To gather this set, we asked a small percentage of users whether they would donate some of their image files for us to improve our algorithms. We began by collecting a representative set of donated document images that match what users might upload, such as receipts, invoices, letters, etc. Our initial task was to see if we could even build a state of the art OCR system at all. We will take you through each of these steps in turn.
Perhaps the most important reason for building our own system is that it would give us more control over own destiny, and allow us to work on more innovative features in the future.

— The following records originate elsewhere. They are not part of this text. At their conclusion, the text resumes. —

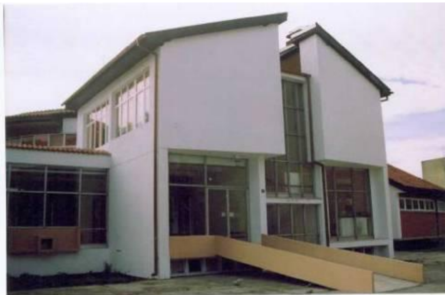
Вртић "Пчелица", 2005. (реконструисан вртић "Партизанка Дана" изграђен 1974.)
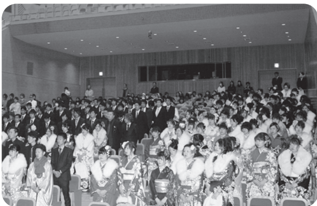
大ホールで行われた成人式

なお、今後、指定管理料は市の予算の範囲内でやっていくことを企業に了解いただいている。
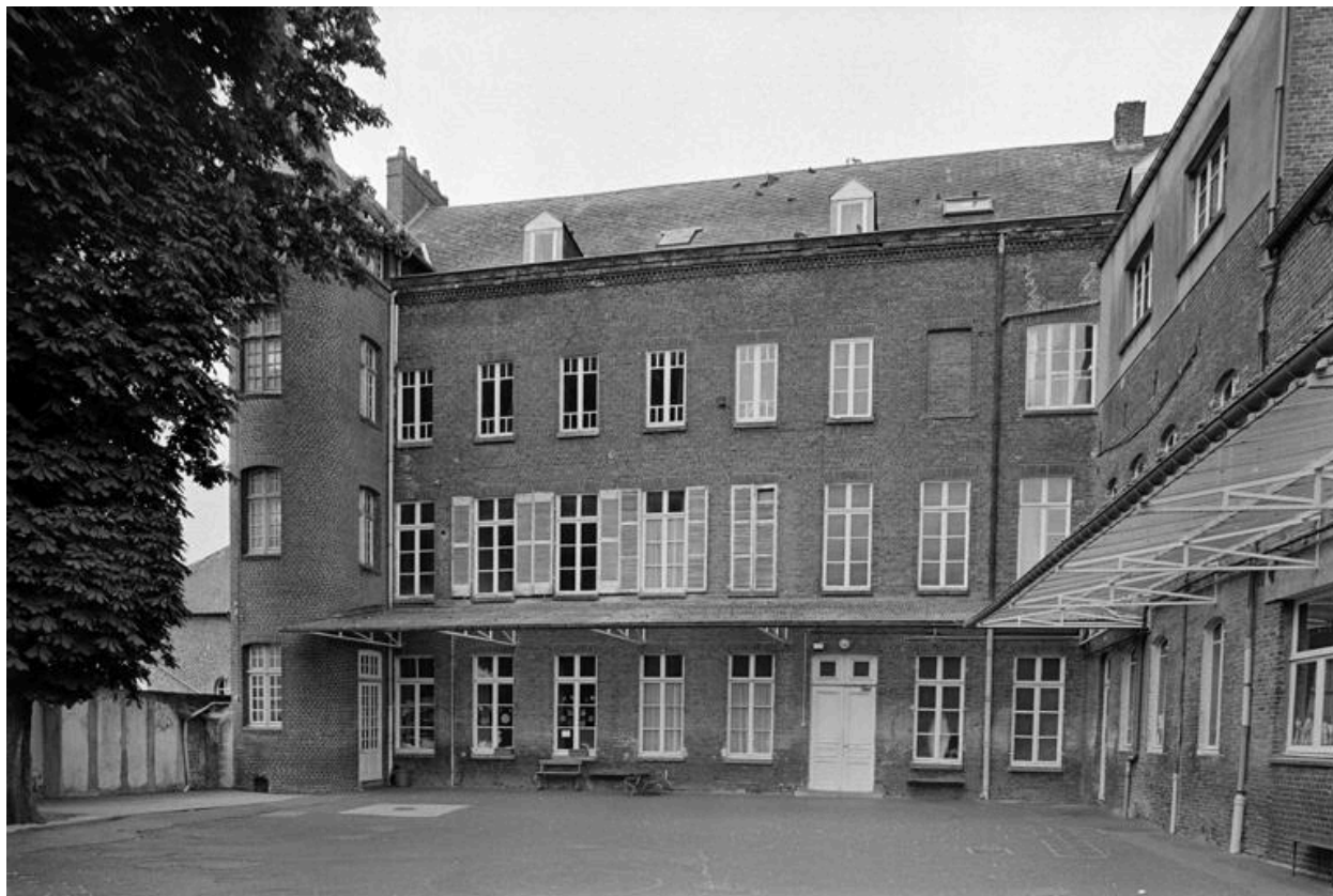
Vue de la façade sur cour.
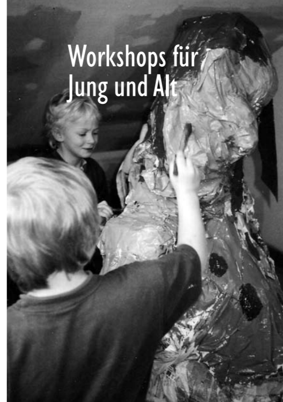
Projekt 2006 „Die Riesen“

(ermäßigt 14,40 EUR) zzgl 3 EUR für Material
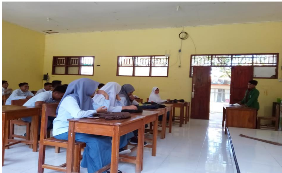
Gambar 2. Pembagian kuesioner kepada peserta didik MA DDI Banua Sendana
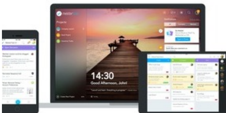
BILD zu OTS - MeisterTask, das intuitive Kollaborationstool der deutsch-österreichischen Firma MeisterLabs, veröffentlicht heute die erste Version seines lang erwarteten Power-Features 'Section Actions', das mithilfe von Automationen für mehr Konstanz, Effizienz und Agilität im Task Management sorgt.

Diese Meldung kann unter https://www.presseportal.ch/de/pm/100058246/100775058 abgerufen werden.
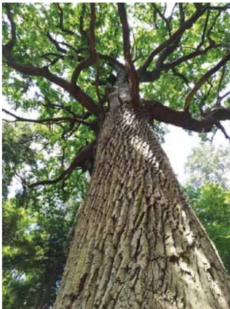
OKAZAŁY DĄB SZYPUŁKOWY O NAZWIE SYLWAN

Dąb rośnie na terenie Nadleśnictwa Kielce, leśnictwa Dobrzeszów, w oddziale leśnym 28 c, w Gminie Łopuszno. Pomnik przyrody znajduje się w urokliwym miejscu, w pobliżu rezerwatu przyrody Góra Dobrzeszowska, wśród jodeł, buków oraz innych dębów.
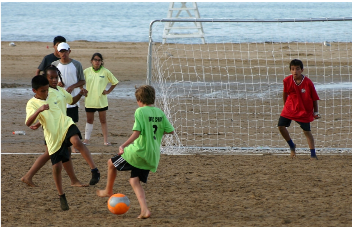
Niños jugando futbol de playa en Pochomil.
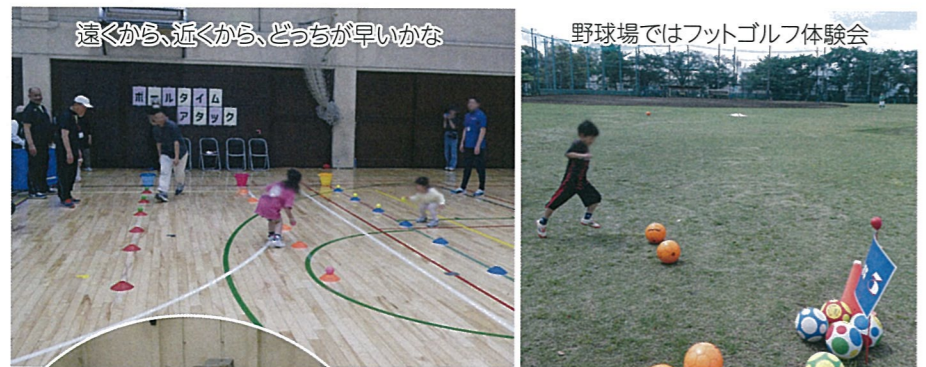
遠くから、近くから、どっちが早いかな

令和7年5月5日(月)碑文谷体育館にて「碑文谷フレンドパーク15」が開催されました。今日はこどもの日!長かった連休も残り2日。最後の快晴日に子どもたちはとても元気!野球場ではデュアルスライダーとフットゴルフ、体育室ではピンボールキャッチと巨人生ゲーム、それに新競技ボールタイムアタック。庭球場ではテニス教室、駐車場では模擬店もあり、多くの親子連れで大にぎわいでした。
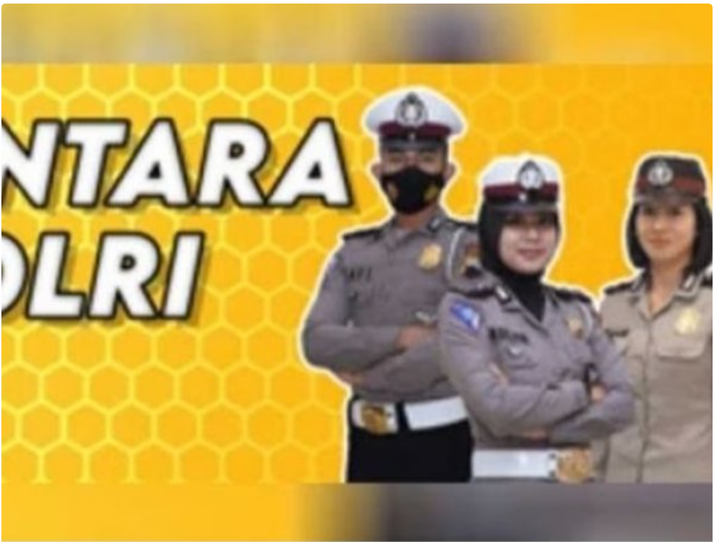
Penerimaan Polri Bakomsus

PALANGKA RAYA - Kesempatan terbuka bagi lulusan bidang pertanian, perikanan, peternakan, gizi, dan kesehatan masyarakat untuk bergabung menjadi anggota Polri melalui program penerimaan Bintara Kompetensi Khusus (Bakomsus).
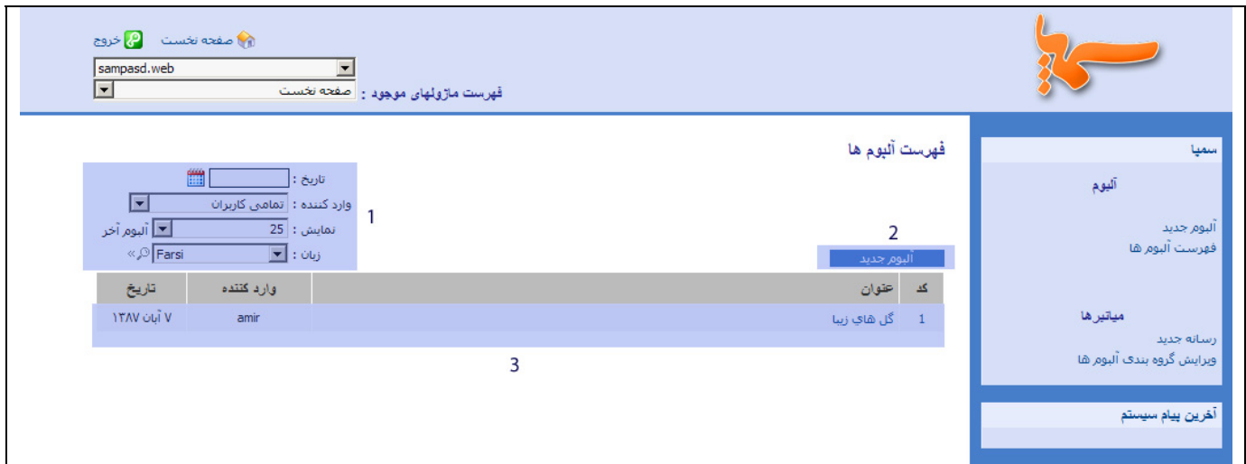
شکل - ۱

از این سامانه به منظور ایجاد آلبوم های تصاویر و نمایش آنها در سایت استفاده می شود. برای ورود به این سامانه کافیست روی شکلک آن در صفحه نخست سمپا کلیک نمایید. با ورود به این سامانه با شکل - ۱ روبرو می شویم.
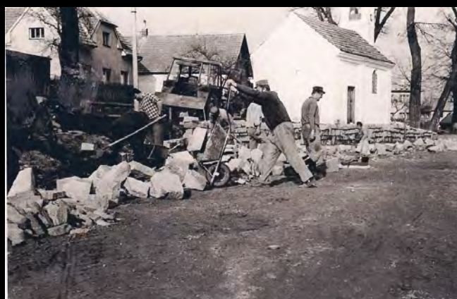
Úpravy návsi, 70. léta
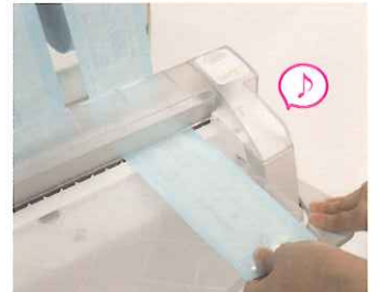
緑のランプが点灯してピープ音が鳴ったら、シールが完了です。

OCR FONT COMMERCIAL USE HOW TO
The last few years has seen the successful application of deep learning to numerous problems in computer vision that have given us powerful new tools for tackling OCR without having to replicate the complex processing pipelines of the past, relying instead on large quantities of data to have the system automatically learn how to do many of the previously manually-designed steps. The process to build these OCR systems was very specialized and labor intensive, and the systems could generally only work with fairly constrained imagery from flat bed scanners. Most methods rely on binarization of the input image as an early stage, and this can be brittle and discards important cues. For example, one module might find lines of text, then the next module would find words and segment letters, then another module might apply different techniques to each piece of a character to figure out what the character is, etc.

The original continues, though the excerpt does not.